◆ Exercise
Restate word for word each line from the one containing "Juego de dos" through the end of the material, and nothing more. Drop every picture.

◆ Data segment

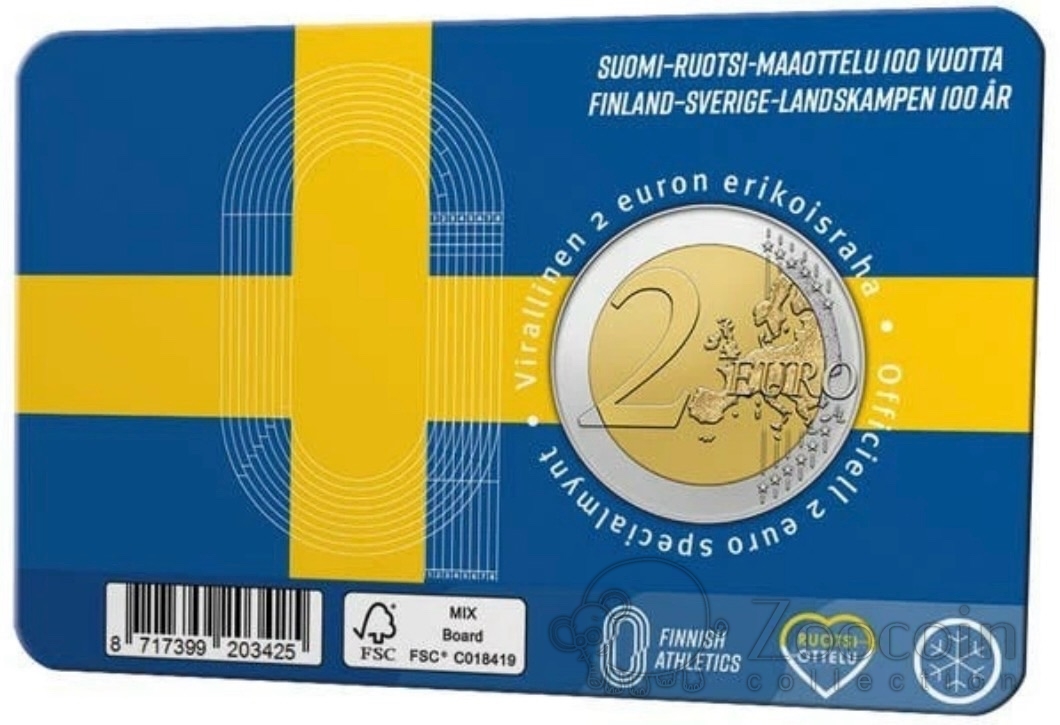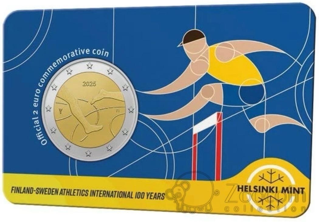 Финляндия 2 евро 2025 100 лет Финско-шведским легкоатлетическим играм (карта синяя)
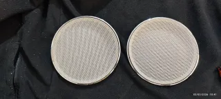 Juego de dos rejillas protectoras para altavoces de Mercedes Clase B, modelo 245W. Originales - Solo delanteras - Diseño circular con acabado plateado. - Rejilla plástica con patrón de pequeños orificios. - Borde exterior cromado. - En buen estado sin partidos
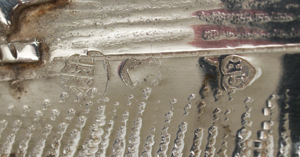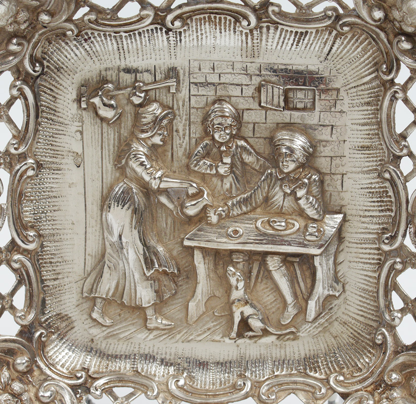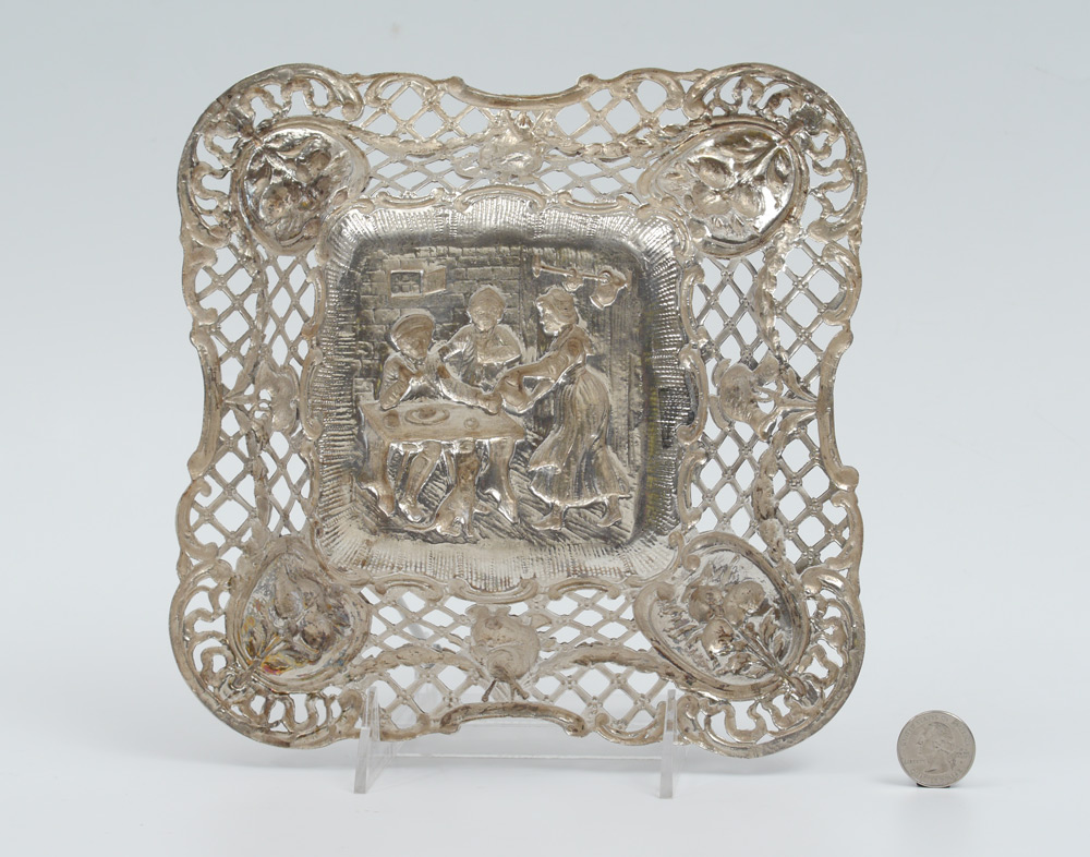 GEORG ROTH & CO. EMBOSSED RETICULATED TRAY: Reticulated sides with embossed medallions of fruit and floral swags. Base with embossed tavern scene, marked with Hanau silversmith Georg Roth & Co. hallmarks. Measures 1 7/8'' h. x 8 3/4'' square. Approx. 10.5 troy oz.

◆ Task response
 Juego de dos rejillas protectoras para altavoces de Mercedes Clase B, modelo 245W. Originales - Solo delanteras - Diseño circular con acabado plateado. - Rejilla plástica con patrón de pequeños orificios. - Borde exterior cromado. - En buen estado sin partidos
 GEORG ROTH & CO. EMBOSSED RETICULATED TRAY: Reticulated sides with embossed medallions of fruit and floral swags. Base with embossed tavern scene, marked with Hanau silversmith Georg Roth & Co. hallmarks. Measures 1 7/8'' h. x 8 3/4'' square. Approx. 10.5 troy oz.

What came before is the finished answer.